This conclusion follows from combining three observations: (1) increase in the oscillation frequency in the case of temperature-independent synapses and H current (Figures 6A, 7A,E); (2) decrease in the oscillation frequency in the case of temperature-dependence in the conductance of the synaptic and H currents (Figures 6B, 7A,E); (3) increase in the oscillation frequency with the decrease in activation (deactivation) rates of the synaptic and H currents (Sharp et al., 1996, Figure 7; data from our experiments). Increase in the oscillation frequency in the first case results from the changes in the intrinsic properties of the neurons, illustrated in Figure 5 – hyperpolarization of the membrane potential and a reduction in the spike amplitude, causing a decrease in synaptic and, consequently, H current. Decrease in the oscillation frequency in the second case with the increase in synaptic and H conductance is shown and discussed in Figure 3. Acting together, these changes counteract each other, and can result in a nearly constant oscillation frequency when the temperature is increased.

29. Lines 491-492: Can you provide more evidence in support here? I would like to know what is causing the rebound in the GM neurons before I can fully accept this conclusion. If the rebound is due to lingering h, maybe emphasize the deactivation.

The rebound is caused by the activation of H current. We added a sentence clarifying it (line 580).

30. Lines 518-521: Please put the numbers here in the text, at least for the Q10 g and k case. The Table is pretty tough to isolate on.

We put the ERQ values for release and escape circuits at 10oC and 20oC and p-values for all the Q10 cases in the text (lines 609-617).

31. Lines 521-525, Figure S2: This exemplar in Figure S2 is not convincingly escape at 10 C. Pure escape should transition to the depolarized state when threshold is reached.

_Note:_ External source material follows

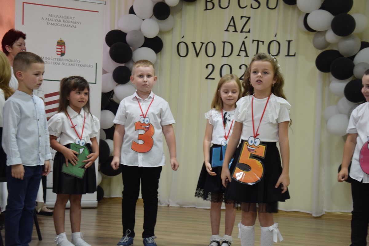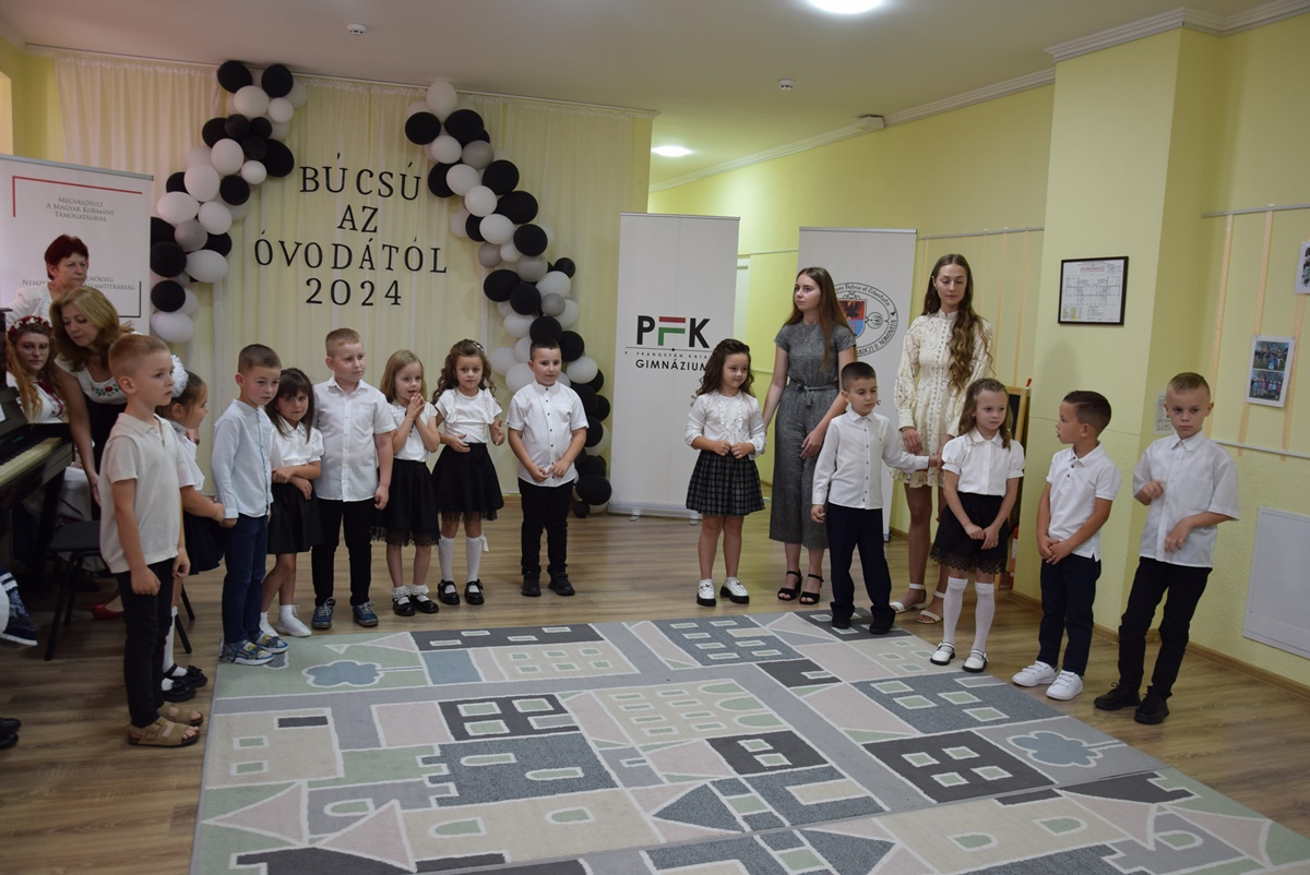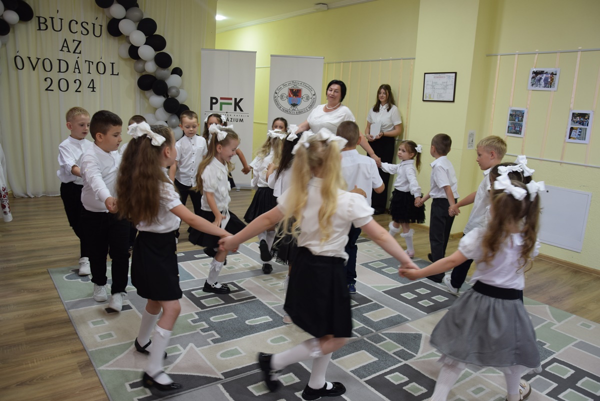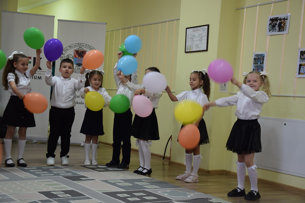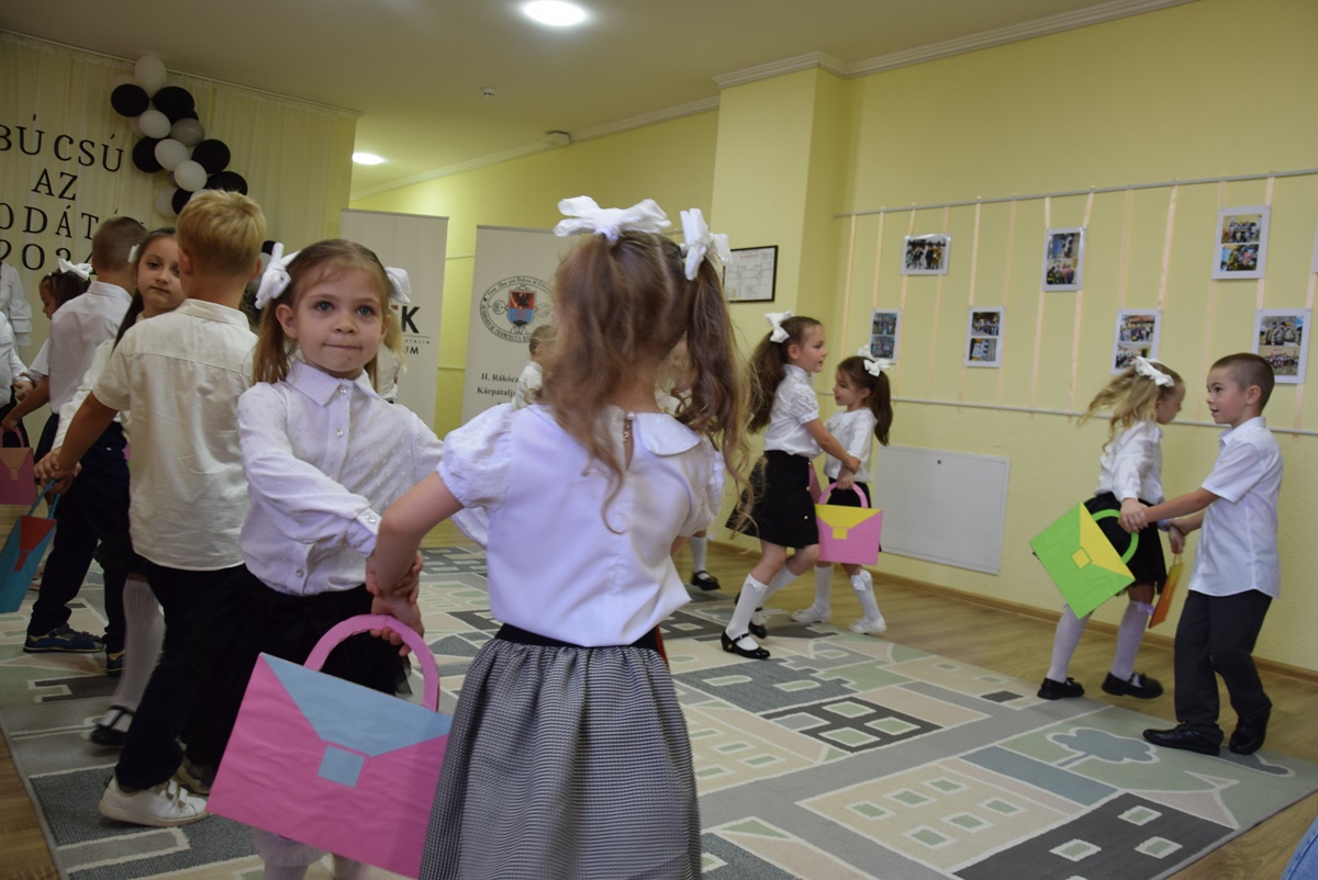After the greetings, it was the children’s turn to shine. The 16 pupils of the Mókuska Group, led by their teachers Klára Hladonik and Éva Molnár, presented a musical and dance program showcasing what they had learned over the past years – poems, songs and rhymes. Under the guidance of Gabriella Szilágyiné Tóth, a folk game instructor from the Tulipán Tanoda, they performed folk songs and games. Emese Virág’s “Szolomijka” Ukrainian language and Katalin Rácz’s “Mary Poppins” English language sessions had so endeared these languages to the children that they also performed Ukrainian and English songs and games on stage. Finally, the children received gift packages and certificates from Ildikó Orosz, president of the Ferenc Rakoczi II Transcarpathian Hungarian College of Higher Education, Andzselika Bedő, director of the P. Katalin Frangepán Grammar School and Andrea Jakab, acting director of the P. Katalin Frangepán Grammar School.

This is a good place for me to comment on the ERQ criterion for designating escape and release. I appreciate the need for an automatable algorithm to designate escape vs. release but I have two caveats. (1) Classically escape is designated by transition when the inhibited cell reaches synaptic threshold (or maybe in spike-mediated transmission spiking threshold) and release is designated by transition when the depolarized cell crosses the synaptic threshold (or stops spiking). The case in Figure S2 clearly violates this classical designation. (2) ERQ is determined by averaging across the two neurons in the HCO, this hides asymmetries and allows for the two cells to have different mechanism, e.g., one escape and one mixed. ERQs must be calculated independently for the two neurons if you wish to reveal asymmetries.

You are right, the case in Figure S2 (now Figure 7 —figure supplement 1) it is not a pure synaptic escape mechanism at 10oC, the mechanism is likely an intrinsic escape mechanism or a mixture of the intrinsic escape and synaptic release, because the synaptic threshold is closer to the bottom of the slow wave, but the transition does not happen at the synaptic threshold as it would in the case of synaptic escape and there is a decay in the synaptic current allowing the neuron to be released from inhibition.

Further, as you pointed out, the neurons shown in the figure are different with respect to their membrane potentials and excitability properties, resulting in the on-off transitions in these neurons being governed by different balances of mechanistic interactions at lower temperature. We calculated the ERQ for each neuron independently to uncover the differences in the mechanisms between the cells and updated Figure 7 —figure supplement 1. We altered the text to describe the mechanism of oscillation more accurately based on the new ERQ analysis (lines 617-620). The new analysis, however, did not alter the main message we were trying to convey with this figure, illustrating that temperature can alter the mechanism of oscillation. The ERQ of both neurons changed significantly when the temperature was increased.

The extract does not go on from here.